Recovery, Prognosis, etc.—The action of the heart becomes weak and irregular, respiration is shallow, the temperature taken in the rectum is high, the skin is cold, pale and livid, death occurs sometimes suddenly, usually in three to five days; less often thirty-six to forty-eight hours; or even after ten days. The results depend mainly upon the cause of the inflammation, and the nature of the infection, infectious disease that produces it, being usually very bad after puerperal sepsis (after confinement), induced abortion, perforation of the bowel or stomach, or rupture of an abscess.
Local peritonitis.—This may come from local injury, but it is usually secondary to empyema, tuberculosis, or cancer, abscess, perforation of the stomach or bowel, ulcer, etc.
Symptoms.—Onset is usually sudden. There is sudden local pain, increased by any movements; tenderness, and vomiting; then chills, irregular fever, sweating, difficult breathing, emaciation.

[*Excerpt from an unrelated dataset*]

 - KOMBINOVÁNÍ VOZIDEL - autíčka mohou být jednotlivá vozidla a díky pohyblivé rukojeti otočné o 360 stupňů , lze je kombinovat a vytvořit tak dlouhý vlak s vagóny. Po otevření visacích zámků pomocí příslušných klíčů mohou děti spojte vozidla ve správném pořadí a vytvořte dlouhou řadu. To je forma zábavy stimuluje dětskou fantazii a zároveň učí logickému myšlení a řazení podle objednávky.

Treatment of the acute peritonitis.—There must be absolute rest, morphine by hypodermic method, one-fourth to one-half grain to relieve the pain. Ice cold and hot fomentations with some herb remedy like hops, smartweed, etc.; or cloths wrung out of hot water with five to ten drops of turpentine sprinkled on them. This is very good when there is much bloating from gas.
The turpentine should be stopped when the skin shows red from it. The cloths should not be heavy or they will cause pain by their weight. Ice water can be used when cold cloths are needed.

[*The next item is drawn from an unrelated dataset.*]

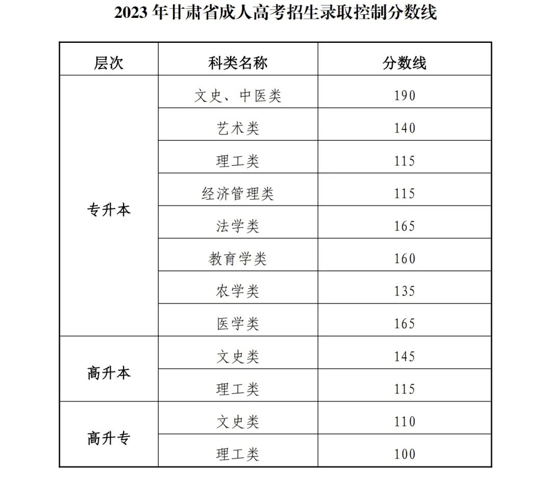 2023 年甘肅省成人高考招生錄取控制分數(shù)線

For vomiting.—Stop all food and drink for the time and give cracked ice.
Diet.—Should be hot or cold milk with lime water or peptonized milk if necessary. If the feeding causes vomiting, you must give food by the rectum. For the severe bloating enemas containing turpentine should be given, one to two to six ounces of water used with ten to thirty drops of turpentine in it; sometimes it is necessary to resort to surgery.
Tubercular peritonitis.—This may occur as a primary trouble or secondary to tuberculosis of the bowels, lungs, and Fallopian tube. It is most frequent in males between twenty and forty.
[ Digestive organs 135]
Symptoms.—These are variable. It may occur like acute peritonitis with sudden onset of high fever, pain, tenderness, bloating, vomiting and constipation; these symptoms passing into those of chronic peritonitis. Often there are gradual loss of strength and flesh, low and irregular fever; frequently the temperature goes below normal with a little ascites tympanites, constipation, diarrhea and masses in the abdomen which consist of the omentum (apron covering the bowels) rolled up and matted into a sausage-shaped tumor in the upper part of the abdomen, or of thickened or adherent coils of the bowel, enlarged mesentric lymph nodes, etc. Spontaneous recovery may occur, or the course of the disease may resemble that of a malignant tumor.